● **WORK TO BE COMPLETED**:
Each line below from the "A:本题容易误选 D。ISO/OSI 参考模型在网络层支持无连接和面向连接的通信, 但在传输层仅支持面向连接的通信;" line through the "- 年末・年始 Safe" line, those two included, must be restated word for word; the pictures must not be.

● **ENTRIES SUPPLIED**:

▶

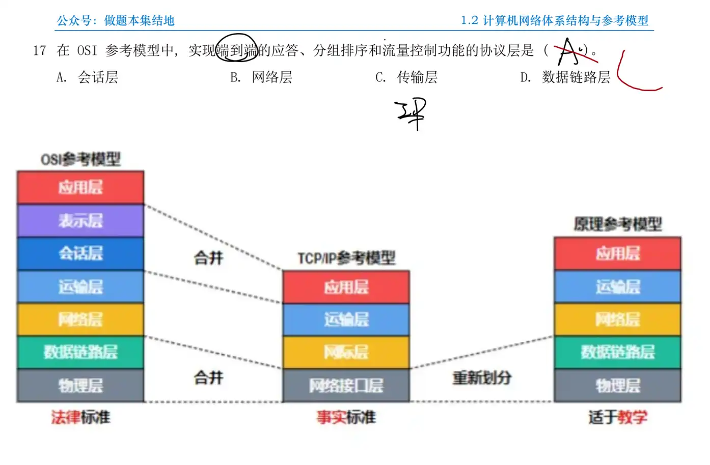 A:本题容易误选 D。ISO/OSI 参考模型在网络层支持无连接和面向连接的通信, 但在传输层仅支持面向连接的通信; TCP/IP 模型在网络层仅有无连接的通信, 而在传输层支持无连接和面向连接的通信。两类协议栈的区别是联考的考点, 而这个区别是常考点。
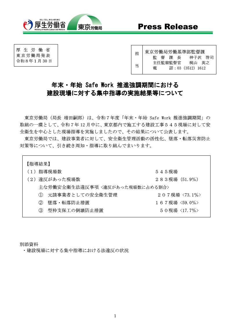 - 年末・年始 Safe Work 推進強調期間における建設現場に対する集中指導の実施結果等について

◀
▶

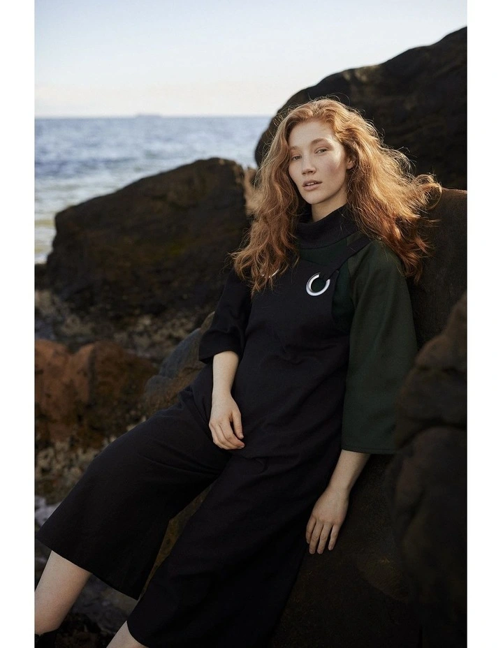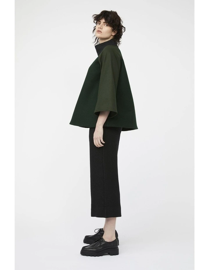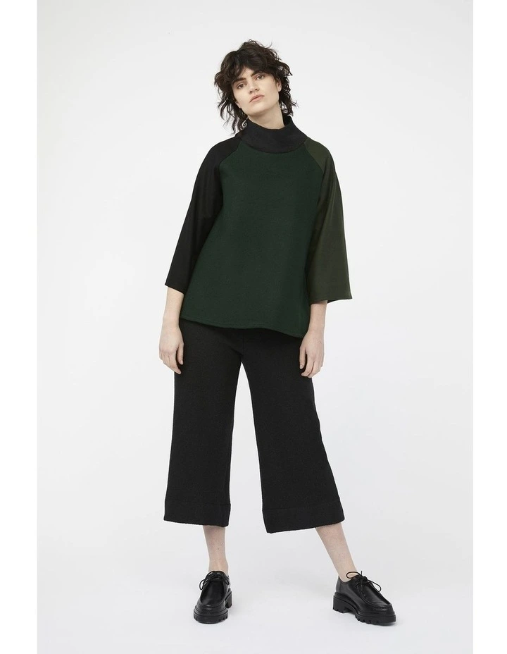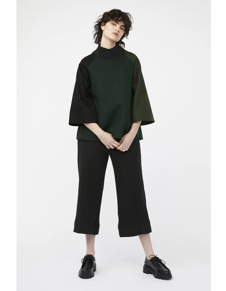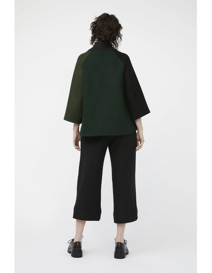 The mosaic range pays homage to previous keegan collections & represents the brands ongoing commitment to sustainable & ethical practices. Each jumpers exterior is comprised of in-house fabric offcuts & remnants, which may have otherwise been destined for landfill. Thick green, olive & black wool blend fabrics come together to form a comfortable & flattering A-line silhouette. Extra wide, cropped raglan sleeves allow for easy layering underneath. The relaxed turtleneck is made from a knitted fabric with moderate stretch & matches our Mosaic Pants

◀

● **SOLUTION BELOW**:
 A:本题容易误选 D。ISO/OSI 参考模型在网络层支持无连接和面向连接的通信, 但在传输层仅支持面向连接的通信; TCP/IP 模型在网络层仅有无连接的通信, 而在传输层支持无连接和面向连接的通信。两类协议栈的区别是联考的考点, 而这个区别是常考点。
 - 年末・年始 Safe Work 推進強調期間における建設現場に対する集中指導の実施結果等について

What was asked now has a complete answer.